My ISP Armstrong merged their highest tiers (Zoom III for all areas, Zoom IV for non-fiber areas / Zoom Extreme for fiber areas) into a single Zoom Extreme tier and lowered the price due to increased competition in some of their areas.

Zoom IV used to be 500 Mbps with a 2 TB cap for $149.95 and Zoom Extreme was the 1Gbps tier with a 2 TB cap for $199.95. When they recently merged Zoom III and Zoom IV into Zoom Extreme they gave the new Zoom Extreme Unlimited Data at no extra cost and lowered the price to $109.95 which is equal or cheaper than having Zoom or Zoom II with the $35 Unlimited Data bolt-on.

The speed with Zoom Extreme varies depending on market type. Their Fiber markets get 1Gbps while their traditional cable/DOCSIS areas get 500+ Mbps. I usually average around 750 Mbps on the new Zoom Extreme.


----------



## 1948GG (Aug 4, 2007)

What has always not made any sense to me, from way back when the only way to get unlimited on comcast was business class (unlimited in residential class didn't come in until about three years ago) is that unlimited is a single tier; use just a bit over the 1.2TB and pay the full rate, use 100TB (or 1000TB) and it's the same rate. I average 4-5TB a month with some 20-30mb/s (this on a 100/5 plan) on average. But I wish there was a, say, 20TB tier for half the price and let those with hyper needs pay the full rate. The 1.2TB point barely gives those with one streaming device and minimal pc/wifi needs just enough breathing space. 

Again, doesn't make sense. Unless one wants to simply overcharge everyone AND give business users a huge pass on mass usage, which is probably the reason why.


----------



## scooper (Apr 22, 2002)

One NICE thing about having Google Fiber - unlimited data at 500 / 500 mbps at $55/month (1Gbps service is available for $20/month more).

Last month 78191 Mbytes upload, 192972 Mbytes download.


----------



## compnurd (Apr 23, 2007)

techguy88 said:


> My ISP Armstrong merged their highest tiers (Zoom III for all areas, Zoom IV for non-fiber areas / Zoom Extreme for fiber areas) into a single Zoom Extreme tier and lowered the price due to increased competition in some of their areas.
> 
> Zoom IV used to be 500 Mbps with a 2 TB cap for $149.95 and Zoom Extreme was the 1Gbps tier with a 2 TB cap for $199.95. When they recently merged Zoom III and Zoom IV into Zoom Extreme they gave the new Zoom Extreme Unlimited Data at no extra cost and lowered the price to $109.95 which is equal or cheaper than having Zoom or Zoom II with the $35 Unlimited Data bolt-on.
> 
> The speed with Zoom Extreme varies depending on market type. Their Fiber markets get 1Gbps while their traditional cable/DOCSIS areas get 500+ Mbps. I usually average around 750 Mbps on the new Zoom Extreme.

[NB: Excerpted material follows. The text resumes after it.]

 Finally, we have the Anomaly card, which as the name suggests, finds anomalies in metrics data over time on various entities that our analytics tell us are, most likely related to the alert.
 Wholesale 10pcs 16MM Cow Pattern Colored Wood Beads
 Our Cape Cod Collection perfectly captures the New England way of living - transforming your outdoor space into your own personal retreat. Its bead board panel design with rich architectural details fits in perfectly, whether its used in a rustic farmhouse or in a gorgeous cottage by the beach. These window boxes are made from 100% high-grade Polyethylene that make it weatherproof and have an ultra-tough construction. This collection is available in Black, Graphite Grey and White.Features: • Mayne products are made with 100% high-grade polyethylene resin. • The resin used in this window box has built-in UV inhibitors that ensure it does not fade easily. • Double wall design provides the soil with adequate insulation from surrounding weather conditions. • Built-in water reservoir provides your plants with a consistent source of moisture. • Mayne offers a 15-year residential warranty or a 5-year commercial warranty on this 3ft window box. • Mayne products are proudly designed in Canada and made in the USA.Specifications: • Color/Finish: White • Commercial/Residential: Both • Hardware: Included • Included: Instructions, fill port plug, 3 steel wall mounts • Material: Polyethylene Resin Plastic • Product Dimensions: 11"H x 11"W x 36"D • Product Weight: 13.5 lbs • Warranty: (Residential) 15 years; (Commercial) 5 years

The Old Zoom Extreme was always Unlimited Data.. It was the only one with it... I also get between 750 and 900Mbps with the new plan on Docsis 3.1 Depends on time of day and the speedtest server I select


----------



## techguy88 (Mar 19, 2015)

compnurd said:


> The Old Zoom Extreme was always Unlimited Data.. It was the only one with it... I also get between 750 and 900Mbps with the new plan on Docsis 3.1 Depends on time of day and the speedtest server I select


Ah I had no idea my area just had Zoom Express - Zoom IV before they merged Zoom III & IV into Zoom Extreme. I just remember seeing the price for Zoom Extreme when I read their open Internet policy a while back.


----------



## compnurd (Apr 23, 2007)

techguy88 said:


> Ah I had no idea my area just had Zoom Express - Zoom IV before they merged Zoom III & IV into Zoom Extreme. I just remember seeing the price for Zoom Extreme when I read their open Internet policy a while back.

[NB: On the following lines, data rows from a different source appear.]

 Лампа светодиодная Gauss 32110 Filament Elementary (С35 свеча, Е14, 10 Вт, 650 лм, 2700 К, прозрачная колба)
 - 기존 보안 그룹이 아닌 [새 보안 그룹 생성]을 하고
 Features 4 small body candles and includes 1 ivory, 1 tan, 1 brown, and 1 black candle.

I bounced back and forth between zoom 2-3 going 3 for the last year when they went to the 2TB cap on that. Extreme was previously crazy priced otherwise I would have had that earlier When they first rolled out Extreme that was the only way to get a Docsis 3.1 non Puma 6 modem from them


----------



## techguy88 (Mar 19, 2015)

compnurd said:


> I bounced back and forth between zoom 2-3 going 3 for the last year when they went to the 2TB cap on that. Extreme was previously crazy priced otherwise I would have had that earlier When they first rolled out Extreme that was the only way to get a Docsis 3.1 non Puma 6 modem from them


That's crazy especially about the modem. You would think they would want everyone to have Docsis 3.1 so they could upgrade ppl to Extreme at a push of a button.


----------



## 1948GG (Aug 4, 2007)

The other major cable operator here in western Washington state is Wave Broadband, and they have a much more gradual slope to their caps than does comcast; but their caps are extremely small (100MB and then increments up from there, topping out at no cap gigabit), but most tiers can be 'no capped' at double the cost. So 100mb/s service is only $40/month (100MB cap) but cost doubles ($80) if no cap. Ah, same price as comcast (!!)

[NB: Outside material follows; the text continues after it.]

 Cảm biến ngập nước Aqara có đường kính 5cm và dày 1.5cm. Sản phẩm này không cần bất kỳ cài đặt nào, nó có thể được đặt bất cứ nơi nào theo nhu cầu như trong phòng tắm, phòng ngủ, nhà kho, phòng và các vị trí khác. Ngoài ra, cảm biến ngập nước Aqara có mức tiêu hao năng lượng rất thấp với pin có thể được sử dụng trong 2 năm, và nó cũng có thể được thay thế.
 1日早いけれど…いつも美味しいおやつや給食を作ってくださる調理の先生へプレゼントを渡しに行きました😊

All LTE wireless folks have rolled out 'home internet' including a couple of the regional folks, with varying coverage. I moved out to a fairly rural area 5 years ago, 2nd move after retirement, but one of the requirements was comcast service; but if I drive more than a mile in any direction, it drops off a cliff. TMobile has excellent coverage (national hq is ~100 miles from me so there had better be!) with two towers <1 mile in two directions plus more coverage off a 5 story building downtown some 3 miles away. 5 bars everywhere in my house. Both ATT and VZ are on the close towers or on others less than a block away from them. Fyi, the comcast fiber hub feeding the surrounding neighborhoods is ~1000' from my home, 50% in the air and 50% buried on my street.

When the wireless folks get serious about 5g or any higher than 2ghz band service, that's when things will get serious. I have signed up for starlink but even though I'm 100 miles from their Redmond hq, no email yet. Have a spot on my garage picked out, virtually 360deg horizon to horizon no blockage whatsoever.


----------